Gerschenkron had extremely good judgment or very good luck, or perhaps a combination of both. For the small crop of students who wrote with him over more than a decade went on to leadership as the field of economic history was just changing back from an historical emphasis to an economic one. Cliometrics was the new terminology. Leading universities absorbed his students, who almost always have had productive subsequent careers.
Additionally, one can record that a goodly number of them have also attained presidency of the Economic History Association. It was not his direct dissertation supervision that was responsible. He provided no topic, no suggestion of sources, no regular guidance, no timetable for conclusion. Most of the students chose subject matter far from continental Europe. What these persons gained was proximity to a stellar intellect, and close association with each other as they pursued their research.
They also obtained a father figure whom they desperately sought to imitate in their own scholarship and subsequent teaching. Those who survived that complex relationship almost always emerged with deep affection and fond memories, even if the process was far from linear and continuous.
By the mids, ten of his students, both in Soviet economics and economic history, prepared a Festschrift in his honor. Many of the essays are still worth reading.
Economic Backwardness in Historical Perspective
Shakazahn CambridgeMassachusettsUnited States. Social Attitudes Entrepreneurship and Economic Devel. InGerschenkron became an American citizen and in gerschenkon, he left the Federal Reserve Board to accept a position as a tenured professor at Harvard University. His erudition and breadth of knowledge became legendary in its time. InGerschenkron wrote an essay Economic Backwardness in Historical Perspectivea cornerstone of his career, and of significance to European economic history. Four years later, he and his family would exit and join them, and hardly in easy circumstances. Whatever the strength in economics had been with Bohm-Bawerk, Menger and others who had pioneered in the Austrian school, it was not there in the s.

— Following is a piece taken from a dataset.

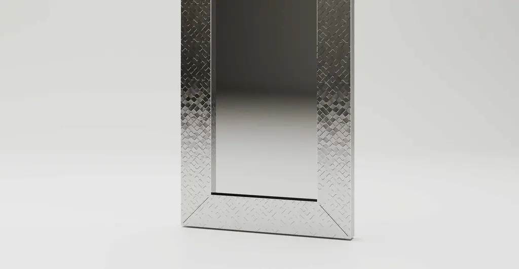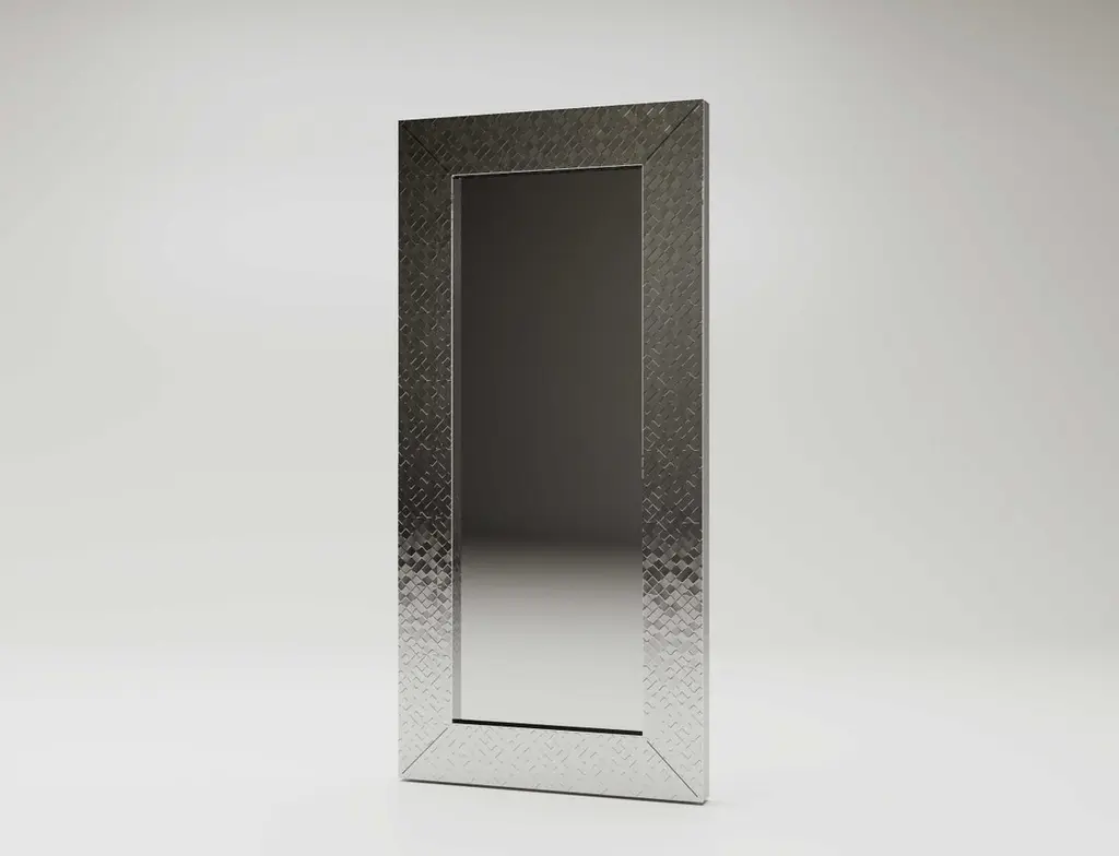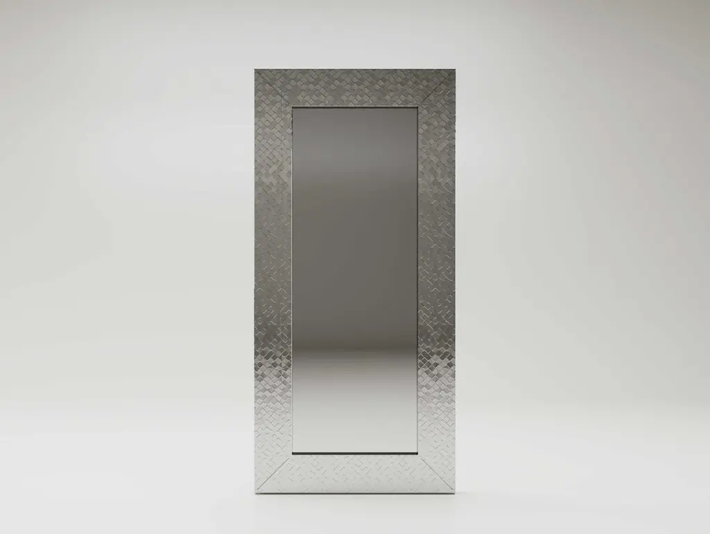 Diamante Mirror by Andrea BoniniLimited Edition Dimensions: D 6 x W 120 x H 240 cm.Materials: Galvanized steel and mirror.Galvanized steel frame with diamante effect in silver. Made in Italy. Limited series, numbered and signed pieces. Custom size or finish on request. Also available in champagne gold and gold finishes. Please contact us.The aim of the Edition Collection is to launch a collection of sculptural furnitureelements produced in a limited series which can be made exclusively by expert and specialized craftsmen.Each piece is intrinsically connected and portrays elegance through geometry and proportions. Meticulous detail of symmetry, bold and deep lines, virtuous and ample curves, cuts and grafts can be found in every single piece.Each product encloses the complexity of its production process in a pure and virtuous form.They are limited editions, each piece signed and numbered, appreciated as art or as design. They are the result of past experiences yet the keeper of future projects. The purpose of andreabonini edizioni? To tell a story through the use of materials between tangent reality and the world of dreams.Andrea Bonini seizes every detail that strikes his attention with a critical eye.A still image, imprinted in the mind, which becomes an idea through a process of mental elaboration and a fusion of scenarios. The cultural background in which Bonini was born is characterized by the timeless charm of a precious combination of two materials that enhance each other: metal and marble.His is a family of metal artisans for several generations and Bonini was born in a landscape which is the cradle of marble extraction and processing. The deep knowledge of these two fascinating and natural elements leads him to often insert them in his works; he prefers them in their authentic finishes and shades, sometimes raw or with their natural imperfections, typical of this material.Adopted by the city of Milan; here he gains his first success and initiates important collaborations. Bonini listens and follows the artistic trails left by his masters; from Carlo Scarpa to Franco Albini and Christian Liaigre.Andrea Bonini is sensitive and concentrated, with meticulous commitment he follows every phase of his products and his interiors; he is personally active in dealing with the craftsmen and his sharp pencil captures any variation or improvement.During his career he chooses to design for companies with high artisanal criteria; the same intention is reflected in his interior projects, attention to every detail with a sartorial approach recognizable on the international scene. Bonini has successfully completed and is currently working on projects in Italy, China, the United Kingdom and the French Riviera.To date, his studio atelier is located in Milan in via Montenapoleone, core of Italian excellence. It is a small yet refined ambience; a boutique with contemporary taste.Here his pencil gives life to all his projects, elaborated in every detail together with his team, producing a strongly recognisable and prestigious result.

Background[ edit ] Gerschenkron was born in Odessa into an elite family of the Russian intelligentsia. When he was 16, he and his father left Russia during the period of the Bolshevik Revolution. They eventually settled in Vienna , Austria. There he taught himself languages including, German and Latin. He found work in Vienna as a representative for a Belgian motorcycle firm. He worked for the firm for three years, but then decided to commit himself to politics, in particular the Social Democrats.